──────── SUPPLIED INFORMATION

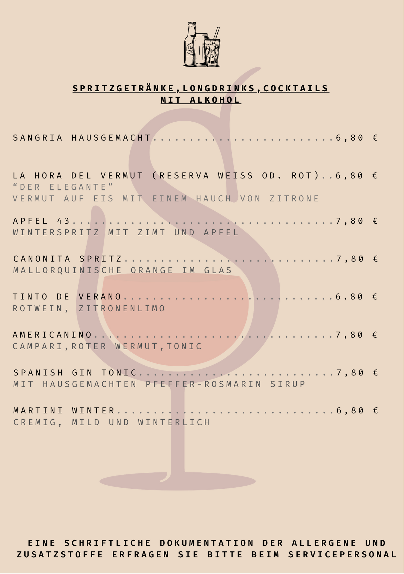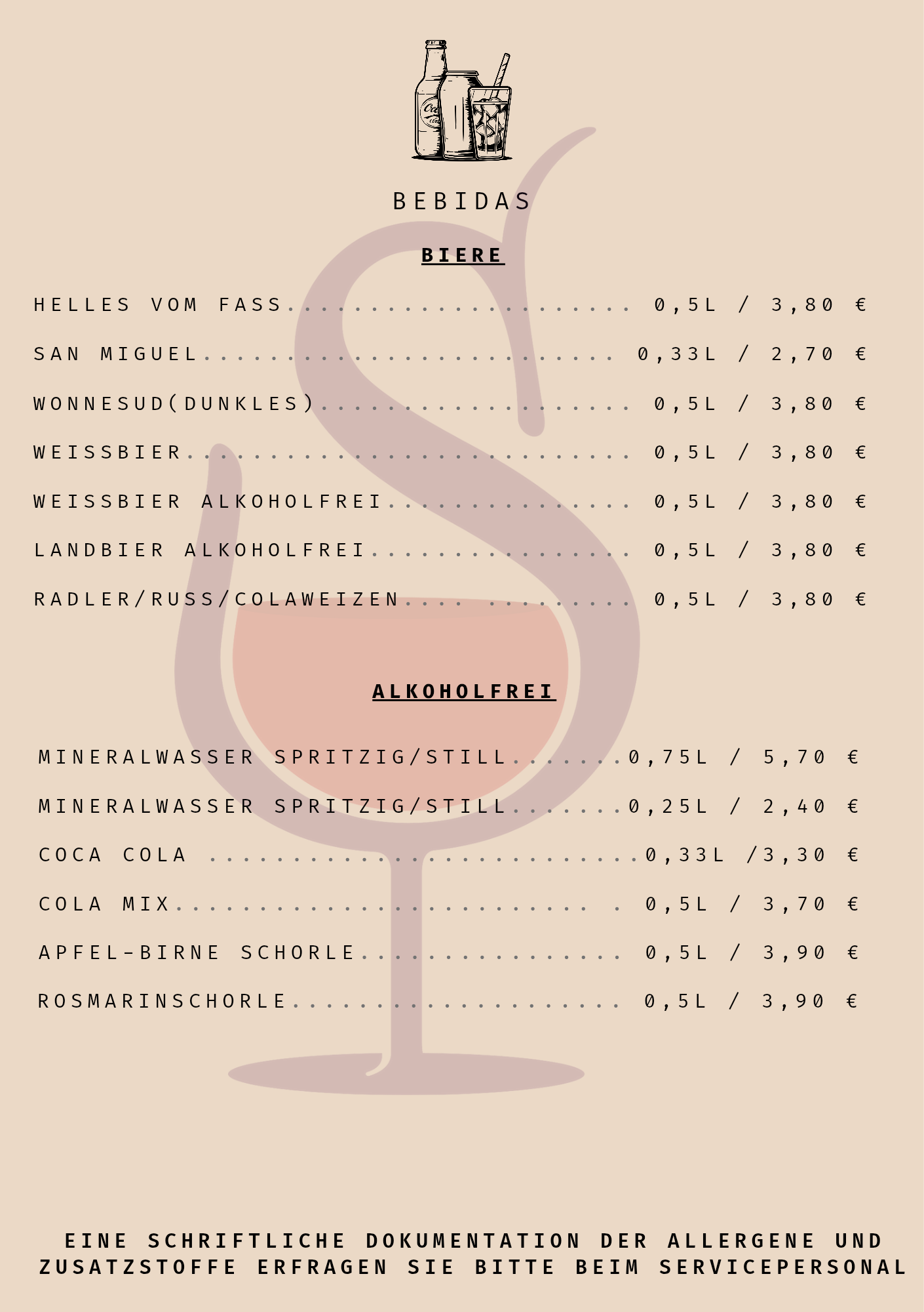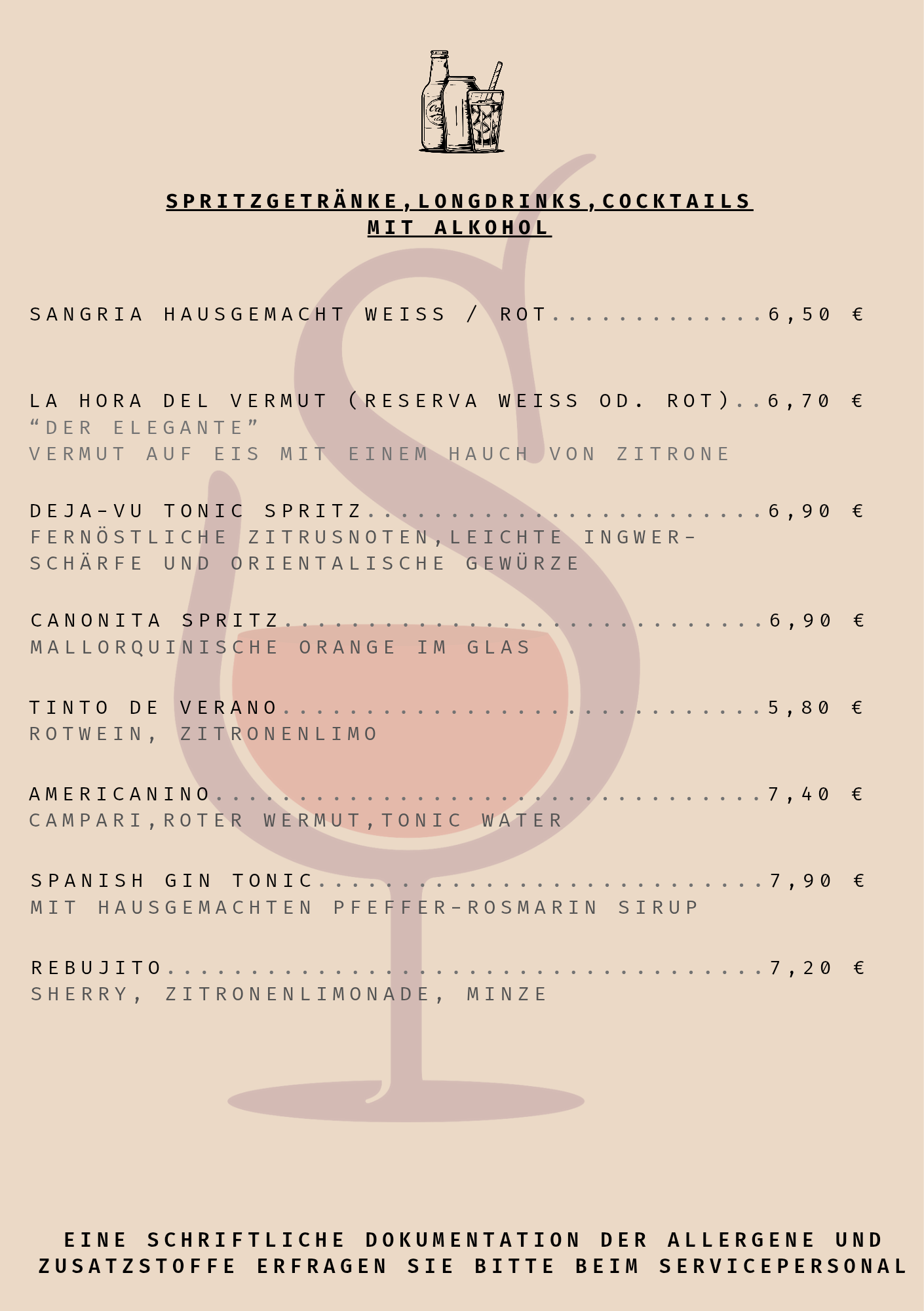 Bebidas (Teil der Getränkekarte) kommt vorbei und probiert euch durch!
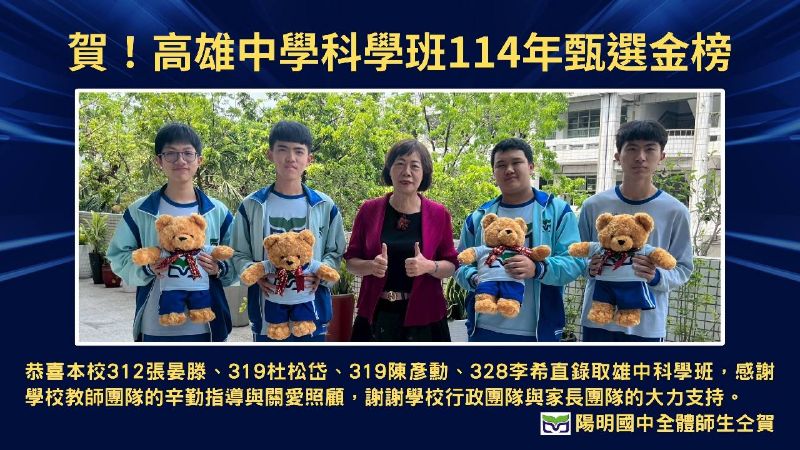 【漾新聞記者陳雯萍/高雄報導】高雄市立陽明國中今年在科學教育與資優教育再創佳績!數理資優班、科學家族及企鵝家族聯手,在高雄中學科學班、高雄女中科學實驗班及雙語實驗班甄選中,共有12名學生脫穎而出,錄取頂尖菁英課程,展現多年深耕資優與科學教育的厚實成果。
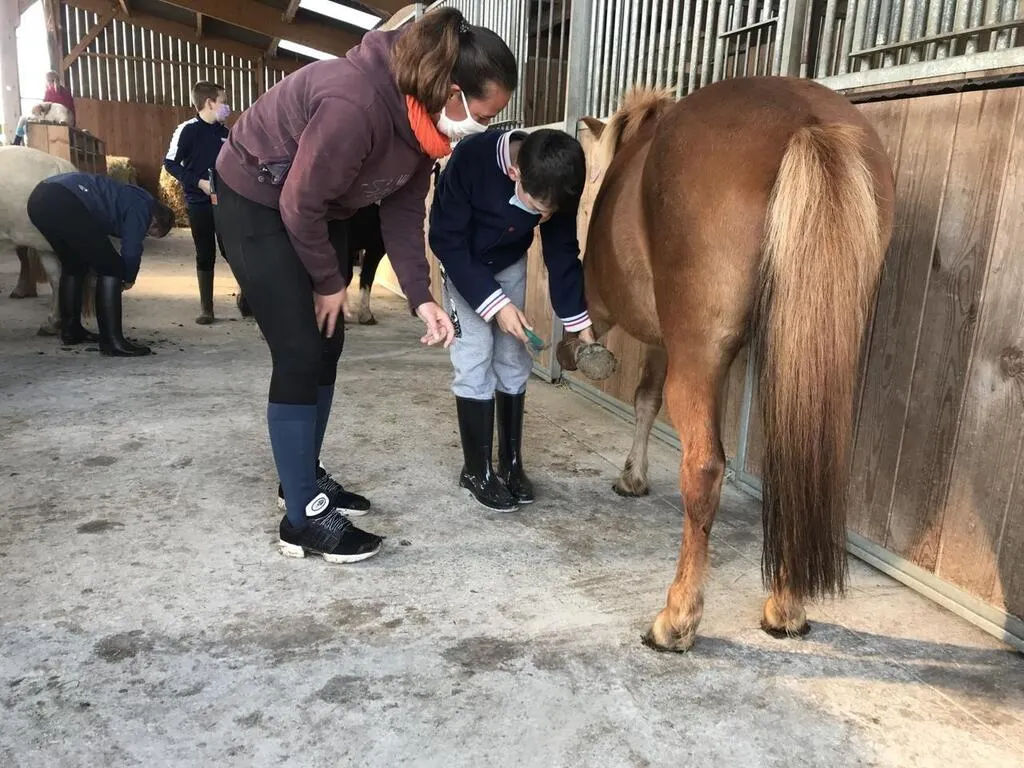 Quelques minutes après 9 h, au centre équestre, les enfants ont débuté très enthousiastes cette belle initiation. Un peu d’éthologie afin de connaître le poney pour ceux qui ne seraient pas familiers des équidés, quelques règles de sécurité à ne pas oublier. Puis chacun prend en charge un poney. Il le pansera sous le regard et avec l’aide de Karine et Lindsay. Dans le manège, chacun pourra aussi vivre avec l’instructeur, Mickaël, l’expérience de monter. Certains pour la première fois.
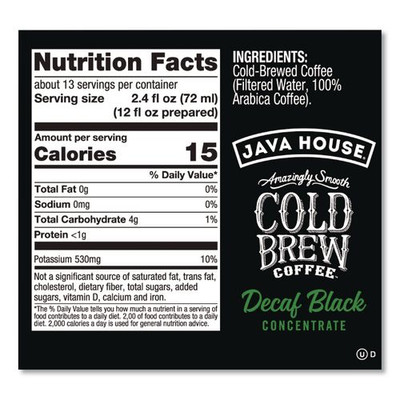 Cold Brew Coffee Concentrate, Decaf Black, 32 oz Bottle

────────────────

EXERCISE BRIEF
Nothing but the pictures may be dropped; restate the material word for word.

OUTPUT
 Bebidas (Teil der Getränkekarte) kommt vorbei und probiert euch durch!
 【漾新聞記者陳雯萍/高雄報導】高雄市立陽明國中今年在科學教育與資優教育再創佳績!數理資優班、科學家族及企鵝家族聯手,在高雄中學科學班、高雄女中科學實驗班及雙語實驗班甄選中,共有12名學生脫穎而出,錄取頂尖菁英課程,展現多年深耕資優與科學教育的厚實成果。
 Quelques minutes après 9 h, au centre équestre, les enfants ont débuté très enthousiastes cette belle initiation. Un peu d’éthologie afin de connaître le poney pour ceux qui ne seraient pas familiers des équidés, quelques règles de sécurité à ne pas oublier. Puis chacun prend en charge un poney. Il le pansera sous le regard et avec l’aide de Karine et Lindsay. Dans le manège, chacun pourra aussi vivre avec l’instructeur, Mickaël, l’expérience de monter. Certains pour la première fois.
 Cold Brew Coffee Concentrate, Decaf Black, 32 oz Bottle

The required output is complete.